**Data for review**
▽
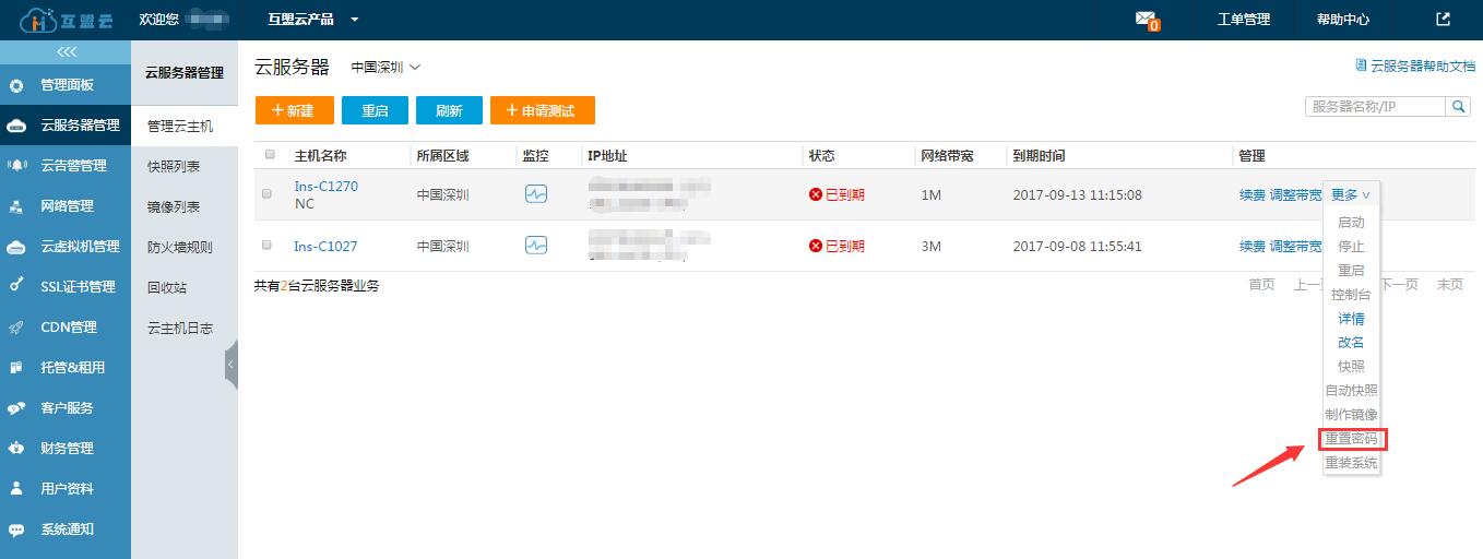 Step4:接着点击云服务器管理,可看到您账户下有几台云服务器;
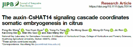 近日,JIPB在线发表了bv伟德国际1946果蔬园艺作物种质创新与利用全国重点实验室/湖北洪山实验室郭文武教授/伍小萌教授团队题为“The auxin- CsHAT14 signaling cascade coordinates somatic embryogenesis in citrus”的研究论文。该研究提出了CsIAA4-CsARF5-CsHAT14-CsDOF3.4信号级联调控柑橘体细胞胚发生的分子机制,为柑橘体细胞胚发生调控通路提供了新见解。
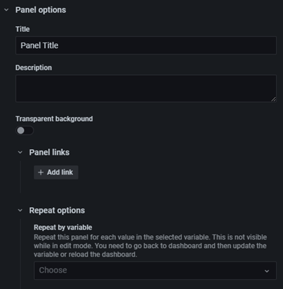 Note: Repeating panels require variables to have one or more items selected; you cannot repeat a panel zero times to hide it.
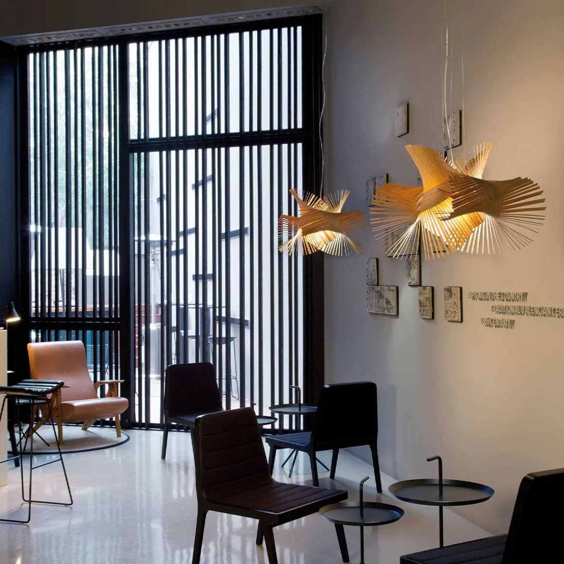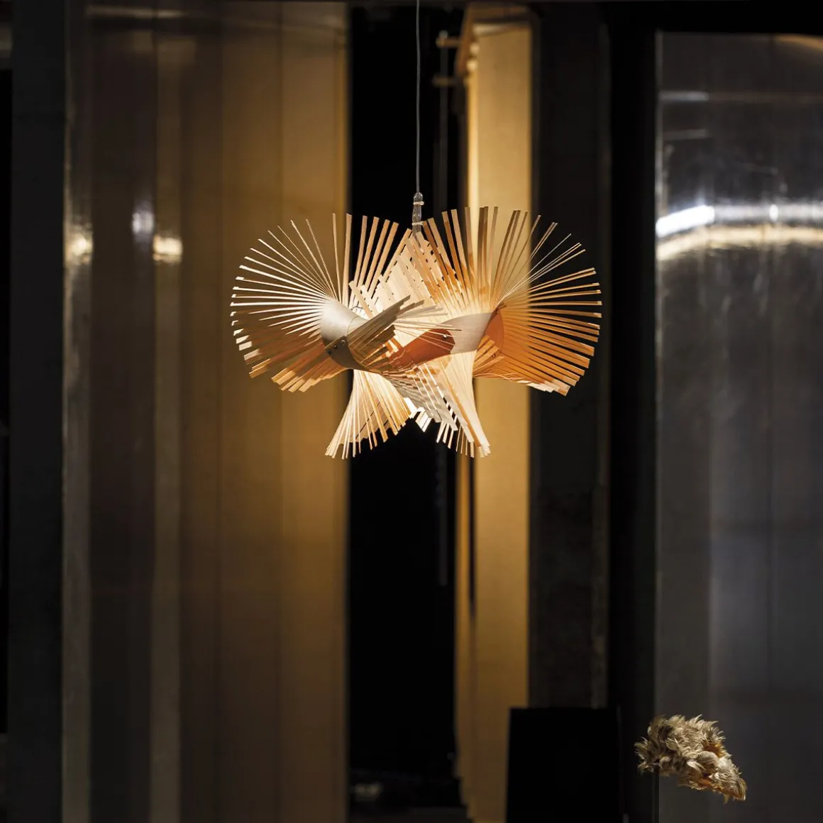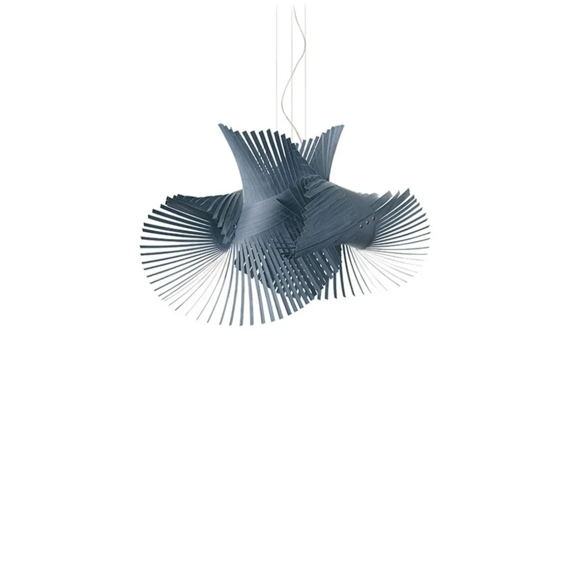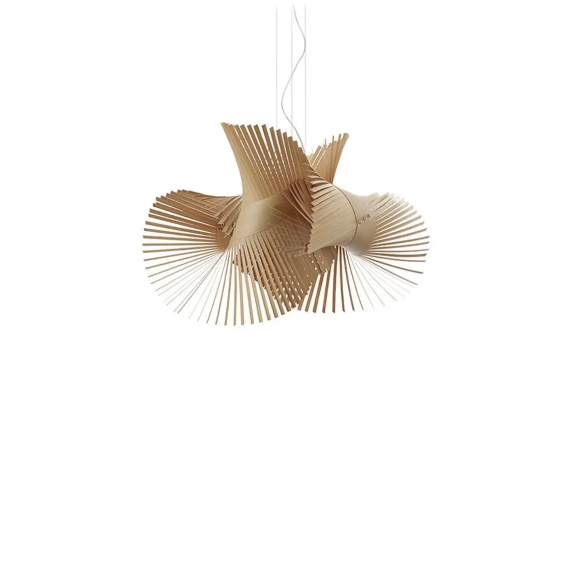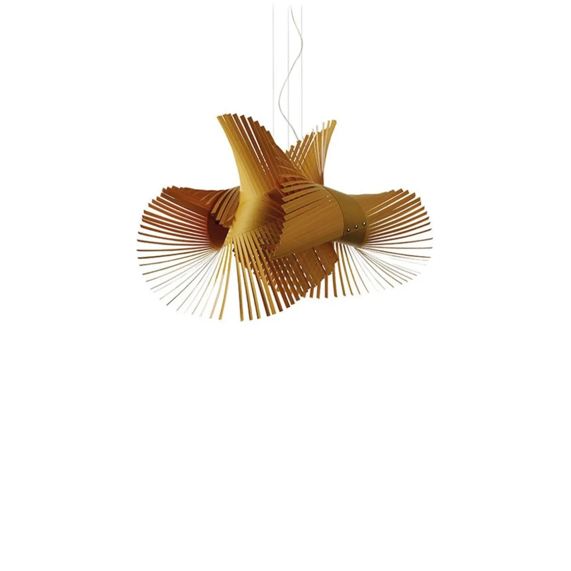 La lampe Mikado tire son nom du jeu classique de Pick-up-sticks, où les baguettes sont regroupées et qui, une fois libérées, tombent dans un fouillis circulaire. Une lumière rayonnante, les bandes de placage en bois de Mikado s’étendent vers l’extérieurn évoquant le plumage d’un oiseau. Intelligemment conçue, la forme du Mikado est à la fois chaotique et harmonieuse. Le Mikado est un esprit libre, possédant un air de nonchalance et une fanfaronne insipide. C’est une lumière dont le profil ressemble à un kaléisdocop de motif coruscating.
△
▽
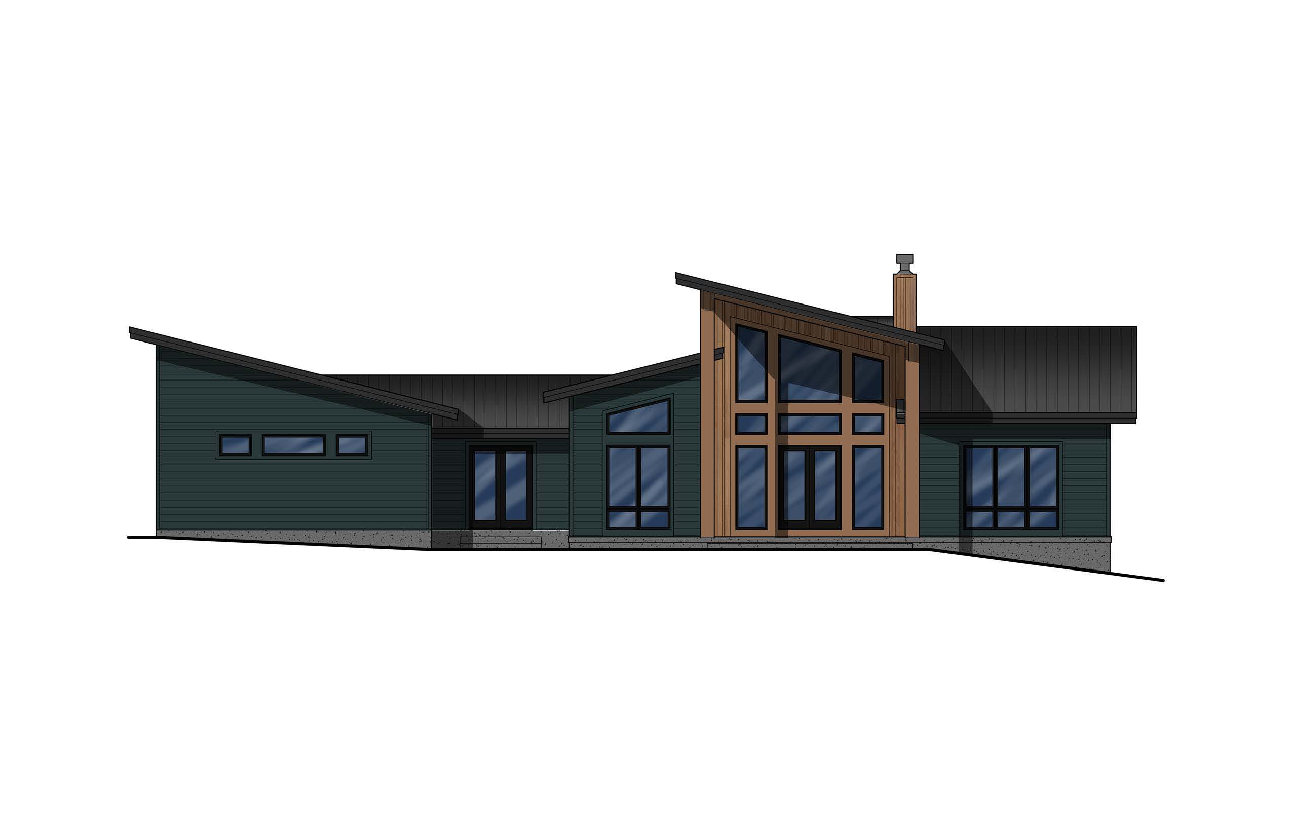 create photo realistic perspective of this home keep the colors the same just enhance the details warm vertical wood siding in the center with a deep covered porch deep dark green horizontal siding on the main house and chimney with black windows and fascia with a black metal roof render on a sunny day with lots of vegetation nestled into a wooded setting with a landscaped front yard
△
▽
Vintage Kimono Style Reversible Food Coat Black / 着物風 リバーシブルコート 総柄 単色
△
**Required work**
When you reach the line with "Step4:接着点击云服务器管理,可看到您账户下有几台云服务器;" in the records above, start writing out each line exactly, and stop after the line with "La lampe Mikado". Pictures stay out.

**Result for this exercise**
 Step4:接着点击云服务器管理,可看到您账户下有几台云服务器;
 近日,JIPB在线发表了bv伟德国际1946果蔬园艺作物种质创新与利用全国重点实验室/湖北洪山实验室郭文武教授/伍小萌教授团队题为“The auxin- CsHAT14 signaling cascade coordinates somatic embryogenesis in citrus”的研究论文。该研究提出了CsIAA4-CsARF5-CsHAT14-CsDOF3.4信号级联调控柑橘体细胞胚发生的分子机制,为柑橘体细胞胚发生调控通路提供了新见解。
 Note: Repeating panels require variables to have one or more items selected; you cannot repeat a panel zero times to hide it.
 La lampe Mikado tire son nom du jeu classique de Pick-up-sticks, où les baguettes sont regroupées et qui, une fois libérées, tombent dans un fouillis circulaire. Une lumière rayonnante, les bandes de placage en bois de Mikado s’étendent vers l’extérieurn évoquant le plumage d’un oiseau. Intelligemment conçue, la forme du Mikado est à la fois chaotique et harmonieuse. Le Mikado est un esprit libre, possédant un air de nonchalance et une fanfaronne insipide. C’est une lumière dont le profil ressemble à un kaléisdocop de motif coruscating.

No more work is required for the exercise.